Re: [PATCH v4] pci: prevent putting nvidia GPUs into lower device states on certain intel bridges

From: Mika Westerberg
Date: Wed Nov 27 2019 - 06:49:02 EST


On Tue, Nov 26, 2019 at 06:10:36PM -0500, Lyude Paul wrote:
> Hey-this is almost certainly not the right place in this thread to respond,
> but this thread has gotten so deep evolution can't push the subject further to
> the right, heh.
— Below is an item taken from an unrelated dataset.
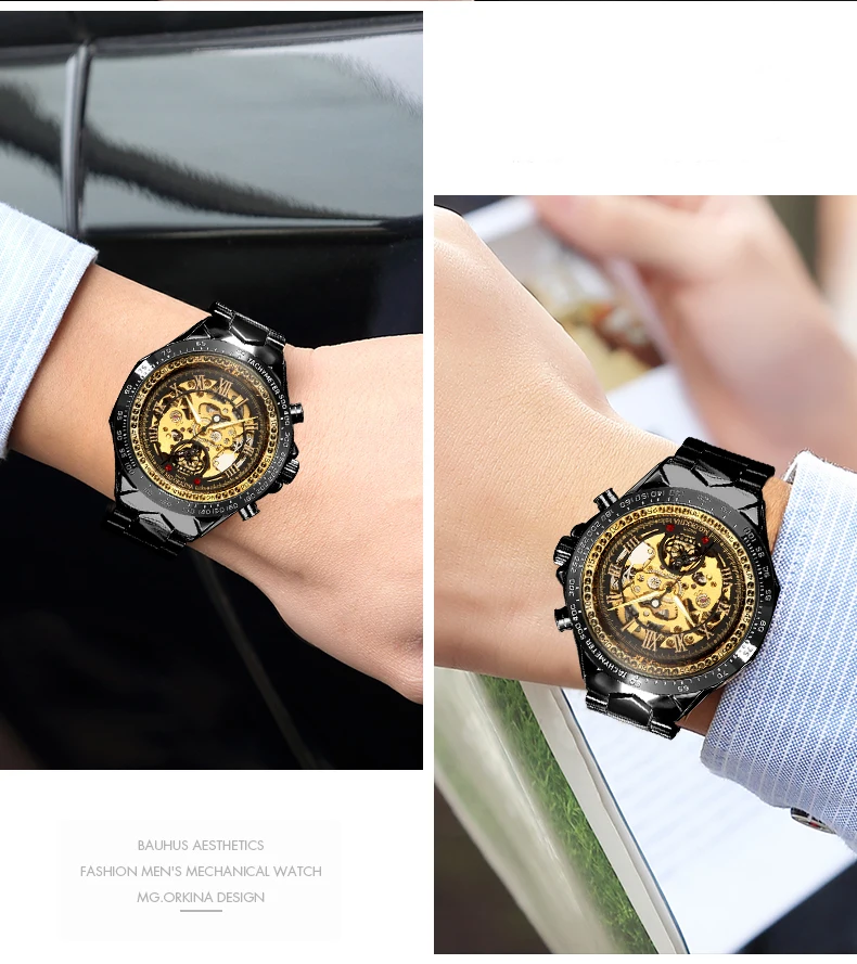 Особенности: 100% новый и высококачественный Уникальный дизайн из нержавеющей стали подходит для мальчиков и мужчин Механические часы 12 месяцев гарантии Диаметр циферблата часов: прибл. 4,5 см. Ширина ремешка: прибл. 2,0 см, Длина: Прибл. 19 см Толщина корпуса: прибл. 1,7 см Посылка включает в себя: -1 х Оригинальные часы mg. orkina Внимание: Механические часы разрешают время +-2 минуты в течение 24 часов. Это международные механические часы. Если кто-то заботится, пожалуйста, не покупайте. Спасибо Предложения по использованию механических часов Автоматическое движение часов, энергия от движения руки владельца. Поэтому вам не нужна ручная намотка часов под нормальным корпусом. Возможно, потребуется ручная намотка из-за физической активности пользователя, энергии не достаточно для работы часов. Пожалуйста, возьмите контроль, который повернет корону меньше, чем 20 кругов. Не нося более 40 часов автоматических часов, необходимо повернуть головку на 20 кругов, чтобы повторно начать движение системы привода перед тем, как носить снова. Чтобы предотвратить попадание влаги в корпус часов и сохранить водонепроницаемость, убедитесь, что корона всегда находится в закрытом состоянии.

So I'll just respond here.

:)

> I've been following this and helping out Karol with testing here and there.
> They had me test Bjorn's PCI branch on the X1 Extreme 2nd generation, which
> has a turing GPU and 8086:1901 PCI bridge.
>
> I was about to say "the patch fixed things, hooray!" but it seems that after
> trying runtime suspend/resume a couple times things fall apart again:

You mean $subject patch, no?

> [ 686.883247] nouveau 0000:01:00.0: DRM: suspending object tree...
> [ 752.866484] ACPI Error: Aborting method \_SB.PCI0.PEG0.PEGP.NVPO due to previous error (AE_AML_LOOP_TIMEOUT) (20190816/psparse-529)
> [ 752.866508] ACPI Error: Aborting method \_SB.PCI0.PGON due to previous error (AE_AML_LOOP_TIMEOUT) (20190816/psparse-529)
> [ 752.866521] ACPI Error: Aborting method \_SB.PCI0.PEG0.PG00._ON due to previous error (AE_AML_LOOP_TIMEOUT) (20190816/psparse-529)

This is probably the culprit. The same AML code fails to properly turn
on the device.

Is acpidump from this system available somewhere?